For the same reason, |G|/|Z| can’t be 3. The only group with 3 elements is \mathbb{Z}/3, which is generated by one element. So the same argument leads to a contradiction: G is generated by its center and one element, which commutes with everything in the center, so G is abelian.

So let’s try |G|/|Z| = 4. There are two groups with 4 elements: \mathbb{Z}/4 and \mathbb{Z}/2 \times \mathbb{Z}/2. The second, called the Klein four-group, is not generated by one element. It’s generated by two elements! So it offers some hope.

If you haven’t studied much group theory, you could be pessimistic. After all, \mathbb{Z}/2 \times \mathbb{Z}/2 is still abelian! So you might think this: “If G/Z \cong \mathbb{Z}/2 \times \mathbb{Z}/2, the group G is generated by its center and two elements which commute with each other, so it’s abelian.”

But that’s false: even if two elements of G/Z commute with each other, this does not imply that the elements of G mapping to these elements commute.

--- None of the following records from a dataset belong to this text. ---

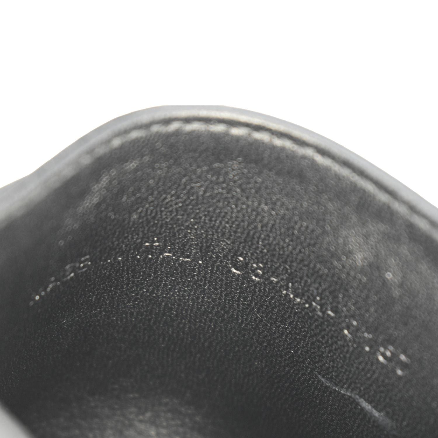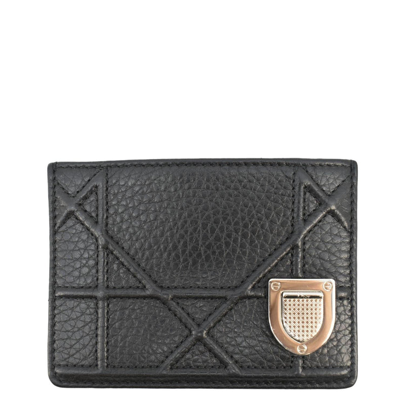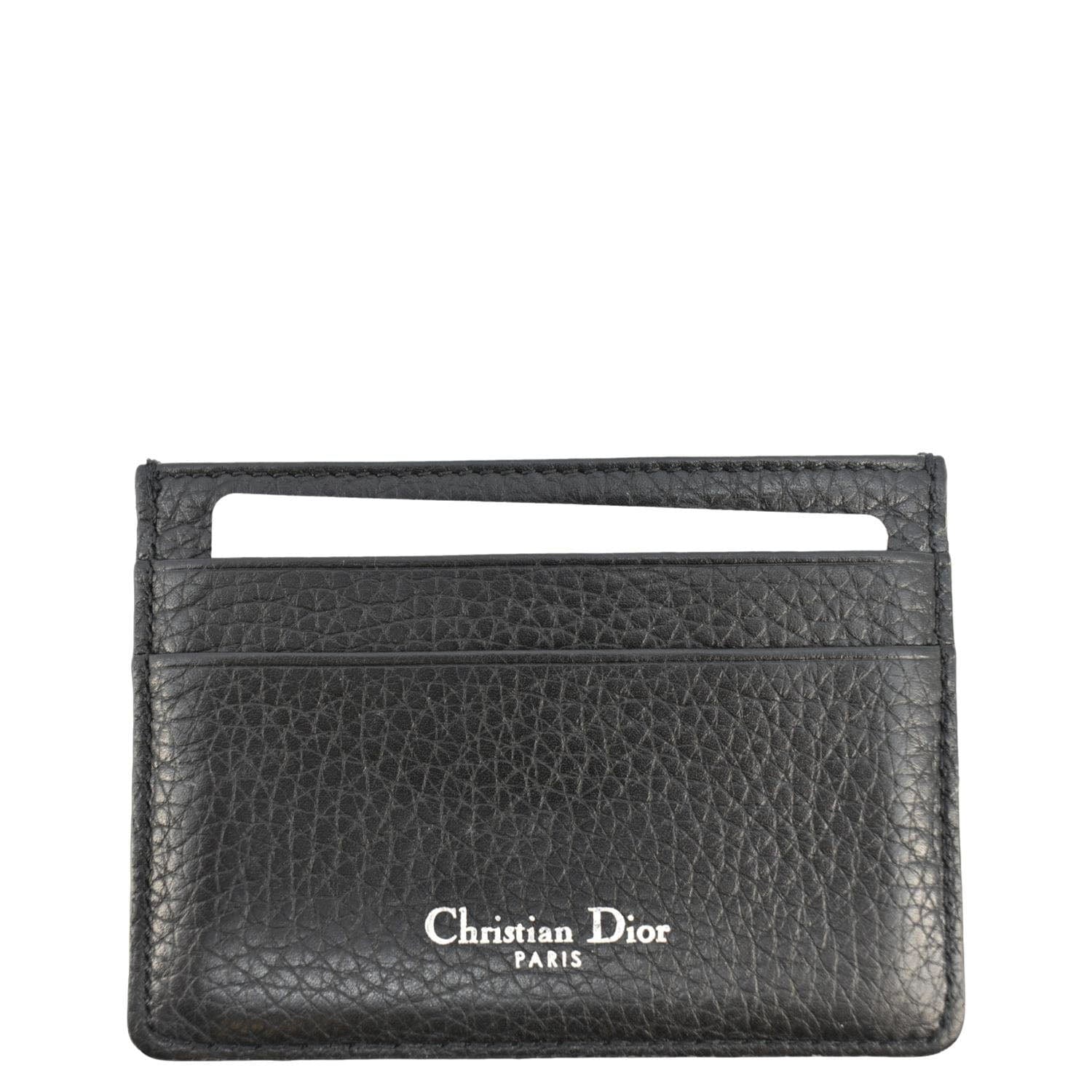 The Christian Dior Diorama Card Holder in black leather features the signature Diorama pattern with sleek metallic details. Compact and elegant, it's ideal for carrying essential cards with a touch of sophistication.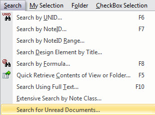 The Search for Unread Documents function counts the number of unread documents in a database for one or more selected user(s).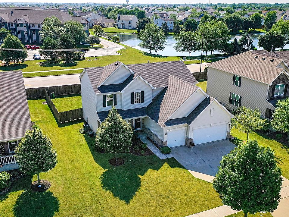 In the well developed "Fields of Shorewood" subdivision, this 4 Bedroom, 2.5 Bath two story home offers the excellent curb appeal of lush landscaping, brick and siding exterior and a relaxing covered front porch with seating area leading to the entry door with sidelight. You also appreciate water views from both the front and rear of your home. You're welcomed into a spacious 2 story Foyer with large hall closet and staircase upgraded with deep wood tone railings & decorative wrought iron spindles. The main living areas of the first floor have been freshly painted in neutral gray tones to accommodate your personal decor. Entertaining will be seamless with both formal Living and Dining Rooms plus casual living and dining in your eat-in Kitchen and adjacent Family Room with gas fireplace enhanced by its detailed white wrap and mantel plus recessed lighting. French doors lead from this room into your main floor Office. The Kitchen reveals abundant deep toned cabinets with crown molding, beautiful granite counters and center breakfast bar island plus recessed lighting, all appliances (new in 2013), pantry closet and dining area accessing patio doors leading to the patio and generous fenced backyard. This level also includes a lovely Powder Room and entry from the Foyer into the 3 car garage. The staircase, with a landing just a few steps up and then a turn brings you to the carpeted Upper Level. The with open view of the Foyer also reveals a linen closet. All Bedrooms are on this level, including your spacious Master with large walk-in closet and Ensuite Bath with dual sink vanity, tub and stand alone shower. There is also a full hall Bath and Laundry Room with washer and dryer, new in 2013. The full unfinished basement has high ceilings and furnace, water heater and humidifier, all new in 2013. There is also a water softener and Radon Mitigation system. As perfect on the inside as you see on the outside and with its excellent location close to shopping and highways, this is a home you'll absolutely love to call your own!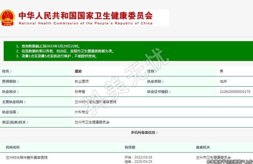 主要執(zhí)業(yè)機構(gòu):蘭州時光激光整形美容醫(yī)院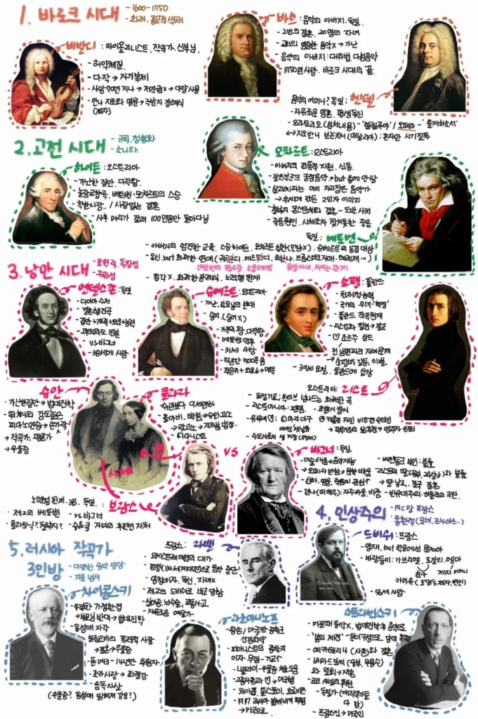 4악장은 인상주의와 20세기 음악으로 이어진다. 드뷔시와 라벨을 중심으로 한 색채와 분위기 중심의 음악, 러시아 작곡가 3인방인 차이콥스키, 라흐마니노프, 스트라빈스키의 음악적 실험과 발레음악 혁신까지, 클래식 음악의 다양성과 진화를 입체적으로 보여준다. 단순한 작품 감상을 넘어 시대별 음악 스타일의 변화와 작곡가들의 고민까지 이해할 수 있다.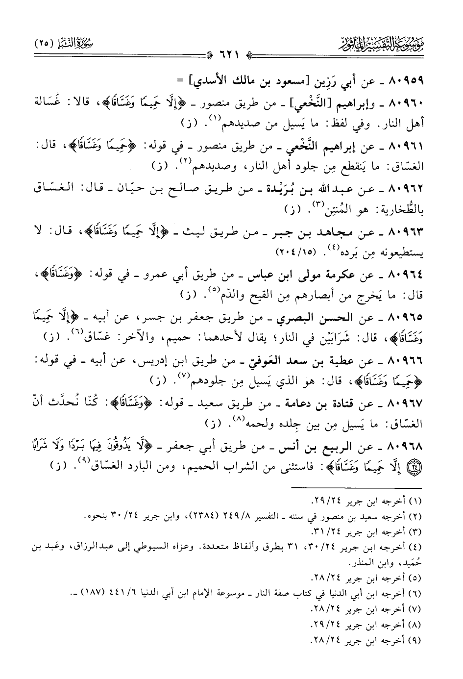 ٨٠٩٦٠ - وإبراهيم [النَّخْعي]-من طريق منصور- {إلّا حَمِيمًا وغَسّاقًا}، قالا: غُسالة أهل النار. وفي لفظ: ما يَسيل من صديدهم (¬١). (ز)

This is a fun subject to study, but best way for us to see this right now is to actually find a nonabelian group G with G/Z \cong \mathbb{Z}/2 \times \mathbb{Z}/2. The smallest possible example would have \mathbb{Z}/2, and indeed this works!

Namely, we’ll take G to be the 8-element quaternion group

Q = \{ \pm 1, \pm i, \pm j, \pm k \}

where

i^2 = j^2 = k^2 = -1
i j = k, \quad j k = i, \quad k i = j
j i = -k, \quad k j = -i, \quad i k = -j

and multiplication by -1 works just as you’d expect, e.g.

(-1)^2 = 1

You can think of these 8 guys as the unit quaternions lying on the 4 coordinate axes. They’re the vertices of a 4-dimensional analogue of the octahedron. Here’s a picture by David A. Richter, where the 8 vertices are projected down from 4 dimensions to the vertices of a cube:

The center of Q is Z = \{ \pm 1 \}, and the quotient Q/Z is the Klein four-group, since if we mod out by \pm 1 we get the group

\{1, i, j, k\}

with

i^2 = j^2 = k^2 = 1
i j = k, \quad j k = i, \quad k i = j
j i = k, \quad k j = i, \quad i k = j

So, we’ve found a nonabelian finite group with 1/4 of its elements lying in the center, and this is the maximum possible fraction!

How big can the centralizer be?

Here’s another way to ask how commutative a finite group G can be, without being abelian. Any element g \in G has a centralizer C(g), consisting of all elements that commute with g.

How big can C(g) be? If g is in the center of G, then C(g) is all of G. So let’s assume g is not in the center, and ask how big the fraction |C(g)|/|G| can be.

In other words: how large can the fraction of elements of G that commute with g be, without it being everything?

It’s easy to check that the centralizer C(g) is a subgroup of G. So, again using Lagrange’s theorem, we know |G|/|C(g)| is an integer. To make the fraction |C(g)|/|G| big, we want this integer to be small. If it’s 1, everything commutes with g. So the first real option is 2.

Can we find an element of a finite group that commutes with exactly 1/2 the elements of that group?

Yes! One example is our friend the quaternion group Q. Each non-central element commutes with exactly half the elements. For example, i commutes only with its own powers: 1, i, -1, -i.

So we’ve found a finite group with a non-central element that commutes with 1/2 the elements in the group, and this is maximum possible fraction!

What’s the maximum probability for two elements to commute?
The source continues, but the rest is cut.